Pre-draft measurables
| Height | Weight | Arm length | Hand span | Wingspan | 40-yard dash | 10-yard split | 20-yard split | 20-yard shuttle | Three-cone drill | Vertical jump | Broad jump | Bench press |
| 6 ft 1+1⁄4 in (1.86 m) | 292 lb (132 kg) | 32 in (0.81 m) | 9+1⁄2 in (0.24 m) | 6 ft 4+7⁄8 in (1.95 m) | 4.98 s | 1.73 s | 2.76 s | 4.59 s | 7.71 s | 31.0 in (0.79 m) | 8 ft 8 in (2.64 m) | 29 reps |
All values from NFL Combine/Pro Day

===Oakland / Las Vegas Raiders===
Hurst was selected by the Oakland Raiders in the fifth round (140th overall) of the 2018 NFL draft. In Week 2 of his rookie season, he recorded his first career sack against the Denver Broncos. In Week 4 against the Cleveland Browns, Hurst sacked quarterback Baker Mayfield in a 45–42 overtime win. In Week 10 against the Los Angeles Chargers, Hurst made his third sack of the season off quarterback Philip Rivers in a 20–6 loss. In Week 11 against the Arizona Cardinals, Hurst sacked Josh Rosen in a 23–21 win. He received an overall grade of 72.4 from Pro Football Focus in 2018, which ranked as the 46th highest grade among all qualifying interior defenders.

In week 5 of the 2019 season against the Chicago Bears, Hurst sacked quarterback Chase Daniel twice in the 24–21 win. In week 9 against the Detroit Lions, Hurst recovered a fumble lost by Matthew Stafford in the 31–24 win. In week 11 against the Cincinnati Bengals, Hurst recovered a fumble forced by teammate Maxx Crosby on Ryan Finley in the 17–10 win. In week 14 against the Tennessee Titans, Hurst recorded his first career interception off a pass thrown by Ryan Tannehill and made a 55-yard return during the 42–21 loss.
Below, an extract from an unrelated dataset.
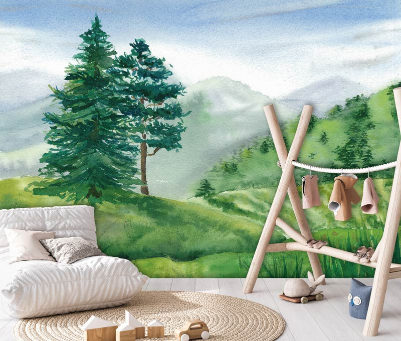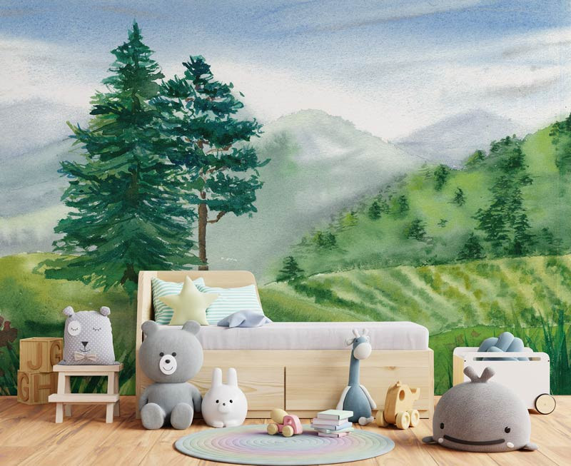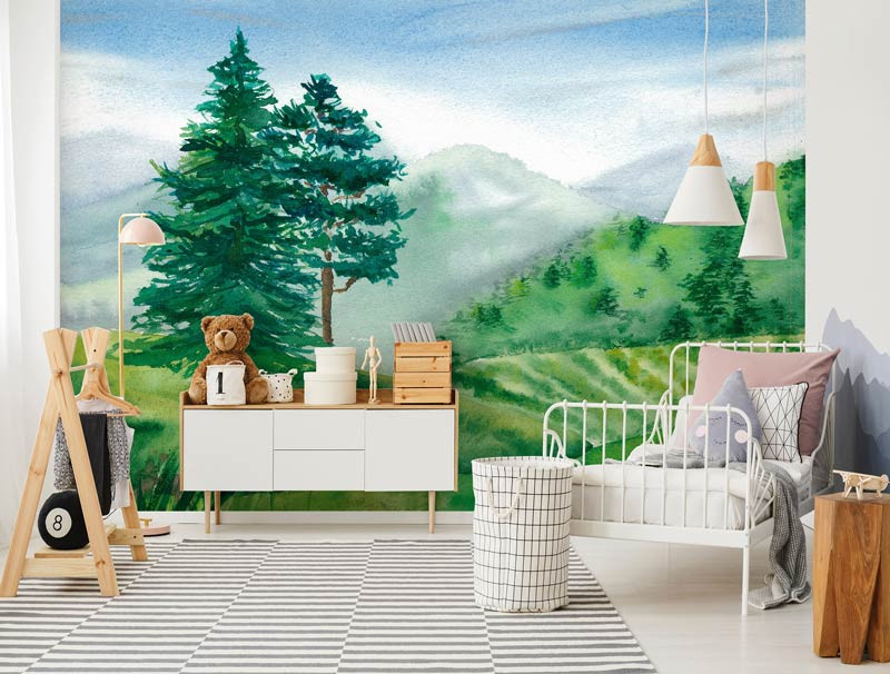 Schaffen Sie eine verspielte und farbenfrohe Landschaft im Kinderzimmer mit unserer Fototapete Children's Landscape. Diese fröhliche Fototapete zeigt eine lebendige Szene mit Bergen, Bäumen, Tieren und vielem mehr, die in jedem Zimmer ein Gefühl von Abenteuer und Fantasie erzeugt. Perfekt für Kinder, die farbenfrohe und fantasievolle Dekorationen lieben, ideal für das Babyzimmer oder Kinderzimmer.

Hurst was placed on the reserve/COVID-19 list by the Raiders on October 6, 2020, and activated from the list on October 20. Hurst was waived after the season on April 15, 2021.

===San Francisco 49ers===
On April 23, 2021, Hurst signed a one-year contract with the San Francisco 49ers. He was placed on injured reserve on September 1, 2021. He was activated from injured reserve on October 2.

On March 10, 2022, Hurst re-signed with the 49ers. He was released by the team on April 11, but re-signed on a one-year deal the same day. He was placed on injured reserve on August 1, 2022 with a torn bicep, ending his season.

===Cleveland Browns===
On March 18, 2023, Hurst signed a one-year contract with the Browns. He played in 13 games, recording 22 tackles, 1.5 sacks, three passes defensed and an interception.

On March 15, 2024, Hurst re-signed with the Browns. He suffered an ankle injury in Week 1 and was placed on injured reserve on September 11, 2024. Hurst was activated on October 12.

On December 10, 2025, Hurst was signed to Cleveland's practice squad.

===Washington Commanders===
On August 18, 2026, Hurst signed with the Washington Commanders. On August 30, he was waived as part of final roster cuts before the start of the 2026 season.